Yesterday the southerly continued to rip through Wellington, and it kept me inside for most of the day. Inside isn't a place I like to be on a Saturday. I did however catch up with the ex-facilitator of the Wellington autism group (who I saw in Auckland last month) and her husband. They were down for Beervana. We met at Joe's Garage on Tory Street, and covered a few conversation topics in a fairly short space of time. One of them was my flatmate. He is effectively a boarder. As they say these days, I'm over it all. I count down the weekends, because they're the most exhausting part of the week, and also because 17 is a manageable number. On Wednesday Kevin had what I hope is his last operation on his bum. He doesn't seem to be in pain. He was given a lot of medication after the op, and when I got home from work on Thursday there was all manner of lotions and creams and sprays and pills, in just about every corner of the kitchen and lounge. He'd had medicines lying around for months, but I'd tolerated that, probably because I'm quite a tolerant person. But the increased volume of them was more than I could handle. "I see you've got your drugs lying all over the place, like there, there, there, and [pointing to the couch] there." "Uh-huh, yeah." Have you got Asperger's? It's OK, you can tell me. "Um, do you mind not having your drugs everywhere?" He took all the medication downstairs, including the stuff that was there before.
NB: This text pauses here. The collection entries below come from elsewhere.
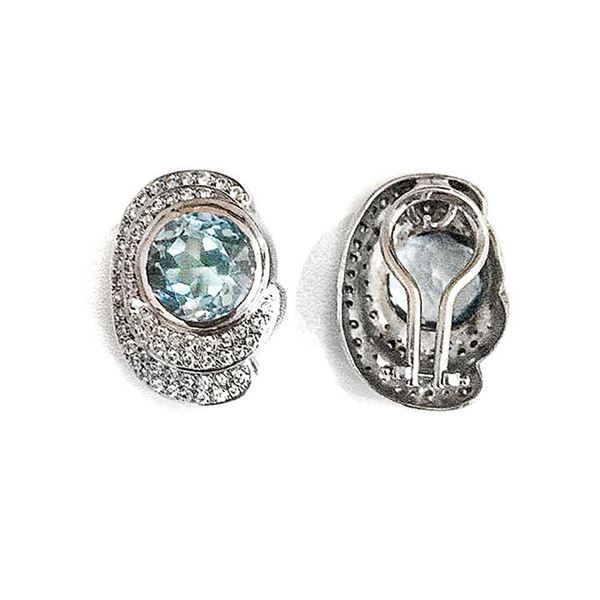 MATERIAL: 14 kt white gold, diamonds and topaz DESCRIPTION: pair of earrings each made with topaz between two concentric bands slightly rounded entirely embellished with pavé diamonds, bear the 14 kt mark MEASURES: 2.8.x 4.2h cm WEIGHT: 18.7 g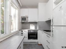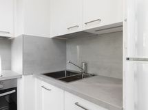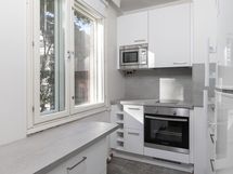 - Keittiön varusteet: Jenkkikaappi, mikroaaltouuni, erillisuuni ja liesituuletin. Liesi: Keraaminen liesi. Työtason materiaali: Laminaatti. Keittiöremontti 8 / 2019, Noblessa-keittiö, välitilassa suuret laatat.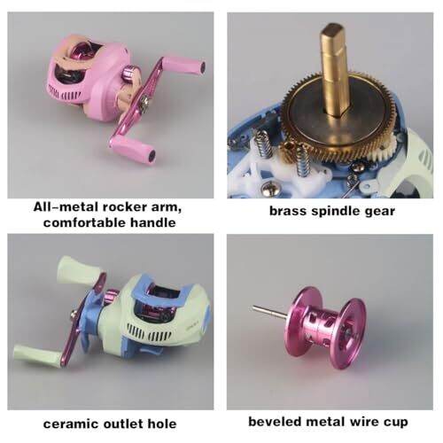 This high-performance baitcasting reel delivers smooth, long casts with 18+1 ball bearings. Available in macaron colors, it features a brass spindle gear and ceramic outlet for durability in freshwater and saltwater, with a versatile left/right handed design.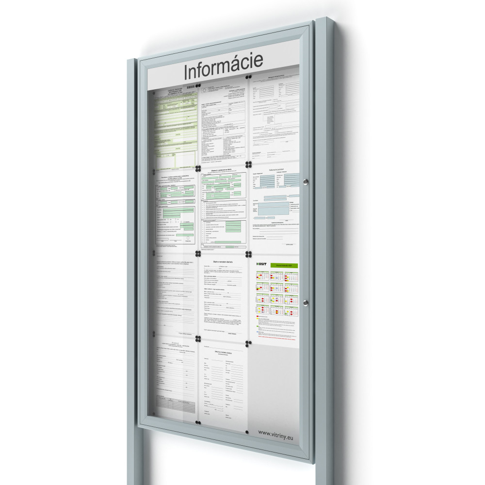 Uzamykateľná informačná vitrína 12bxA4 SIDE50 s nápisom a stĺpikmi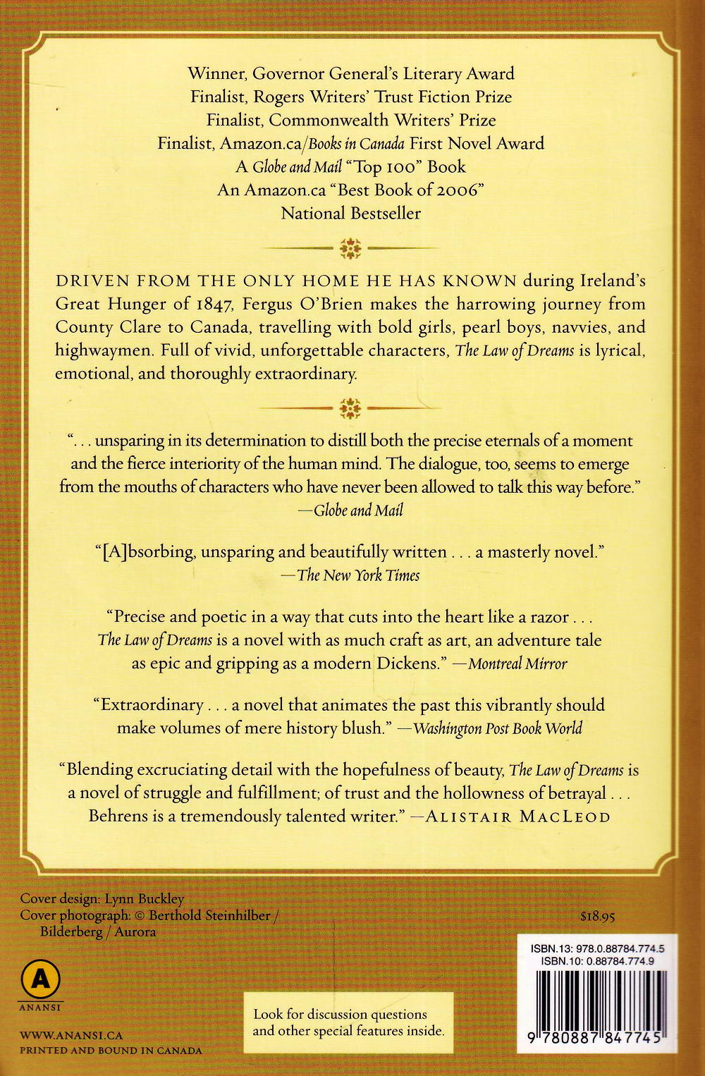 during Ireland's Great Hunger of 1847, Fergus O'Brien makes the harrowing journey from County Clare to Canada, travelling with bold girls, pearl boys, navvies, and highwaymen. Full of vivid, unforgettable characters, The Law of Dreams is lyrical, emotional, and thoroughly extraordinary.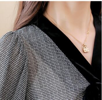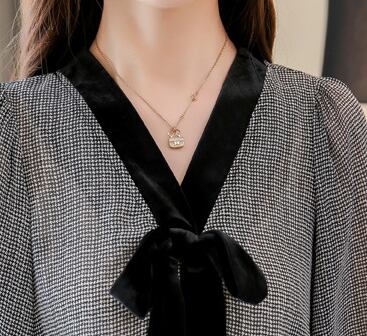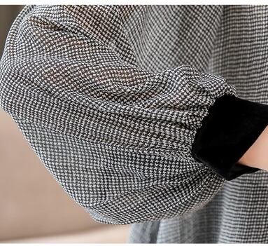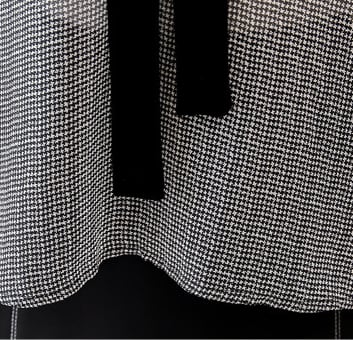 Vネックとパフスリーブの上品なシルエットに、異素材ミックスや格子柄の配色デザインを取り入れ、清楚でいて存在感のある着こなしを演出します。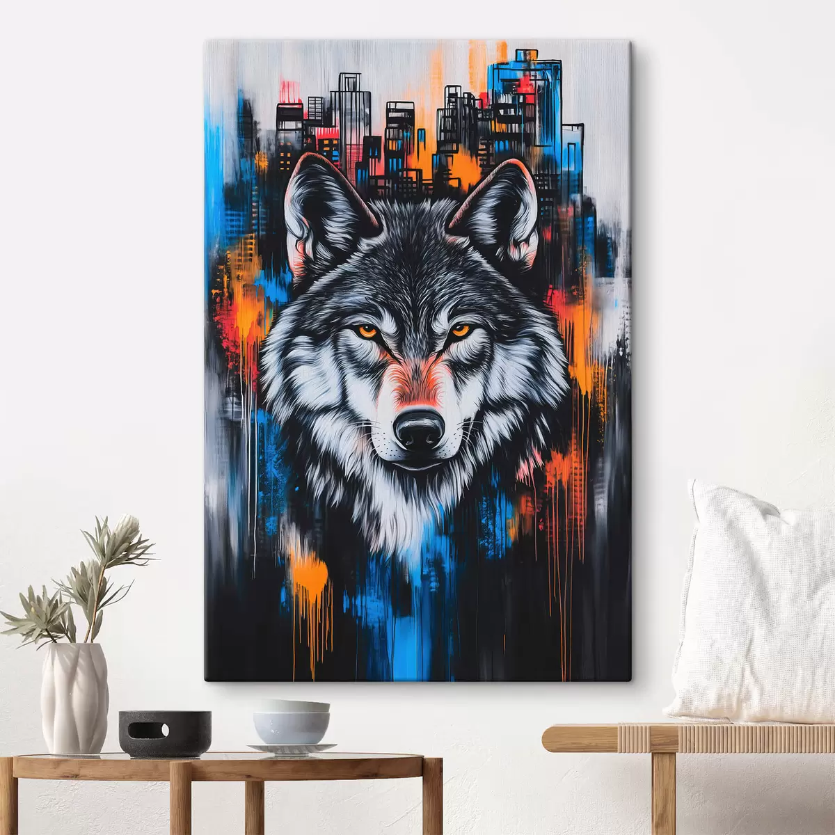 Gemälde Ein Wolf im Hintergrund der Stadt Art. s42994

We also talked about property ownership. So far for me, it hasn't been what it was cracked up to be. In fact I associate buying this place with "bad", because I had quite bad depression around the time I bought it, and had to leave my well-paying role almost the moment I got my hands on the keys. That bad stuff had little to do with the property purchase, but it's hard for the mind to break the connection. It's a bit like my brother's attitude towards New Zealand: bad things happened while he was here, none of which were related to NZ, but he still doesn't want to set foot in the country ever again. Of course in my case more bad stuff has happened since early 2012 - the earthquake assessment, more depression, and a difficult-to-handle flatmate - none of which has helped. Perhaps the hardest thing for me about owning a property has been the added pressure of earning an income. Certain types of people can expect to earn an income that heads steadily northwards, or at the very least, northeast. I'm not one of those people. In 2009 I earned a good salary, then the following year my biggest source of income was online poker. In 2011 I was back to earning good money, almost half of which disappeared for the next two years. If I couldn't eat it, I wasn't buying it. This year has seen an uptick again, thanks also to Kevin, but I'm still earning far less than I was in '09 and '11, and it's anyone's guess what will happen next. That unpredictability doesn't lend itself to paying off a mortgage. Why can't I be like "normal" people and climb the career ladder? That's pretty simple, and I've said it before. Relationships, teamwork, all that stuff is far from innate to me. It wasn't obvious to me in that beanbag relay race when I was five - I had to learn what you were supposed to do - and it still isn't obvious now. And it's absolutely crucial to one's success in the workplace (and even wanting to succeed in the workplace). Joining a new organisation is always the same for me. I can wing it for a while, then it just gets too hard. That's what makes a temp job so good. You're hired to perform a specific task - there's no guesswork - and you're not expected to do any of that networking crap because you won't be there long enough.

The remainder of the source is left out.